Moreover, an analysis of HNF4α motifs within ChIP-enriched regions demonstrates as high accuracy as in identification of HNF4α binding sites as achieved by the use of high resolution tiling array.

Importantly, an unexpected high number of HNF4α binding sites were identified. Even with stringent criteria, i.e. reproducible identification of enriched regions by three different algorithms, three independent ChIP experiments and strict exclusion of repetitive elements, >17,500 binding sites could be mapped.

Moreover, the distribution of identified ES across the chromosomes varied considerably and the chromosomal distribution of ES was not randomly distributed; rather clusters were identified (Fig. 6a, Fig. 7). Evidence was also obtained for the Y chromosome to be devoid of HNF4α ES (Supplementary Table S6). Note, of the 41 known and 14 novel protein coding genes on the Y chromosome (http://www.ensembl.org/index.html) several function in testis development and gender determination and include the SRY and TSPY proteins. While no vital genes are located on the Y chromosome several diseases can be linked to defective Y chromosome. It is tempting to speculate that the significant overlap between the ERα and the HNF4α motif and the functional interaction of these transcription factors possible determined, at least in part, evolution and thus gene selection of the Y chromosome.

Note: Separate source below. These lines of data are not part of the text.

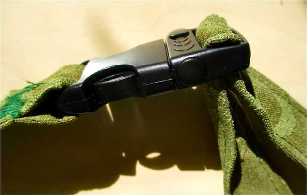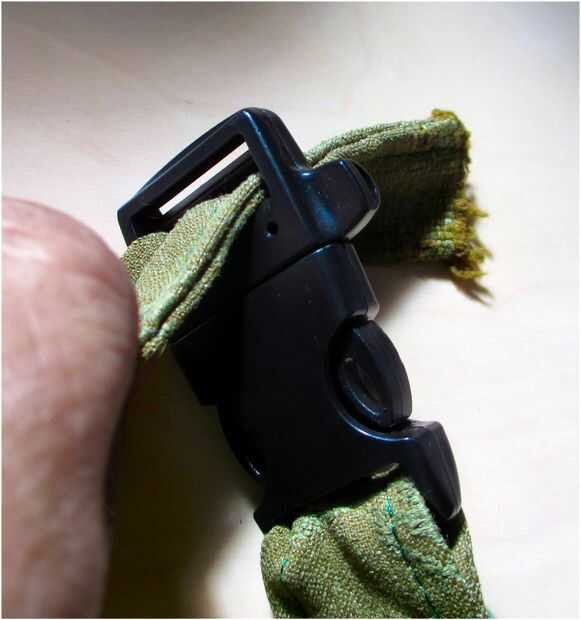 El extremo ajustable de la hebilla en la correa del hilo de rosca como se muestra.
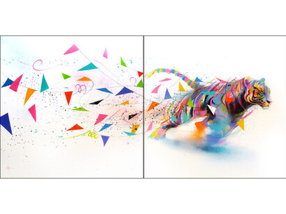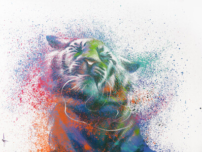 Some of these candy-colored figures are excessively inflated, and on the brink of exploding. Other pieces depict animals - whose natural patterning enables them to camouflage themselves in their environment - shown with synthetic rainbow-colored fur coats - symbolic of the plastic fantastic evolution into an artificially Kool-Aid infused world.
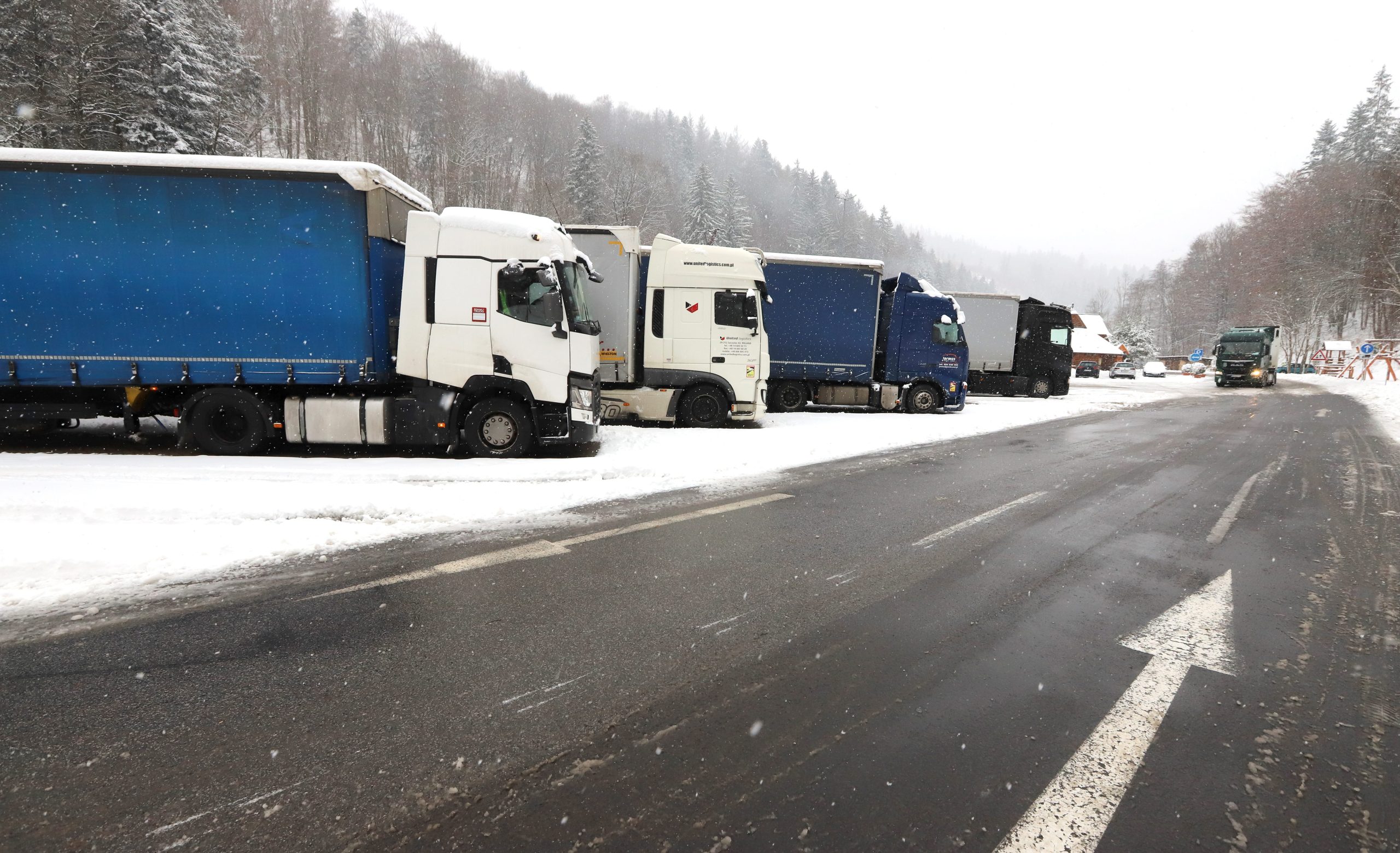 Na snímke odstavené kamióny pod horským priechodom Donovaly pri Banskej Bystrici .
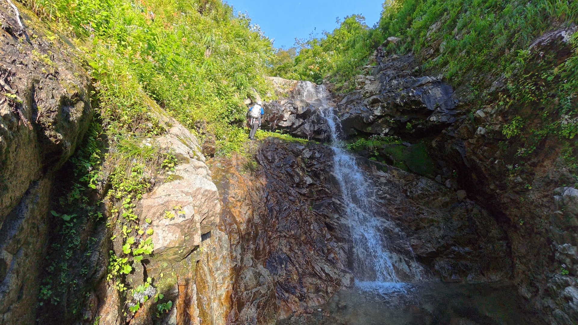 ・稜線までも小滝が多く、最後まで登攀要素が強い訪瀑になる。
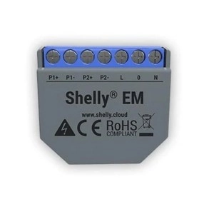 Shelly EM is a Wi-Fi-operated energy meter with contactor control. It allows you to simultaneously monitor the consumption of any home appliances, electric circuits, and office equipment (lights, power lines, security systems, heating, cooling, etc.) in 2 circuits on the same phase or individually. Shelly EM is perfect for measuring solar energy production, monitoring household consumption, and controlling heavier-load appliances
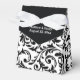 Estas caixas elegantes apresentam um design de molho floral. Preto e branco adiciona um toque formal. Personalize essas caixas de favor com seus nomes e data de casamento. Estas caixas de favor também funcionam bem para os chás de panela.
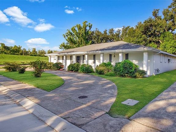 Restore this vintage gem to its former glory! Located on an oversized corner lot, opposite the levee in Harahan, this spacious 6-bed, 3-bath home exudes mid-century modern charm. Original terrazzo floors, a sunken living room, and vintage bathrooms are just a glimpse of its potential. This sturdy brick home features a 5-year-old roof, roll-down storm shutters, off-street parking for 5 cars, rear yard vehicle access, a covered patio, and a large garage with indoor bbq pit/pizza oven and additional half bath. The layout is already perfect. House has never flooded and resides in Flood Zone X. Sold AS IS, seller will make no repairs or concessions.

Note, enhancer elements are constituted by clusters of binding sites for different transcription factors [37]. The increased conservation of the detected HNF4α binding sites, together with the highly significant enrichment of binding motifs of several other transcription factors in close vicinity, is suggestive for the identified binding sites to be functionally important and to possibly form an enhanceosome. Several sequence motifs were thus identified to be significantly overrepresented in ES regions of HNF4α while CART was significantly underrepresented as compared to the genomic background.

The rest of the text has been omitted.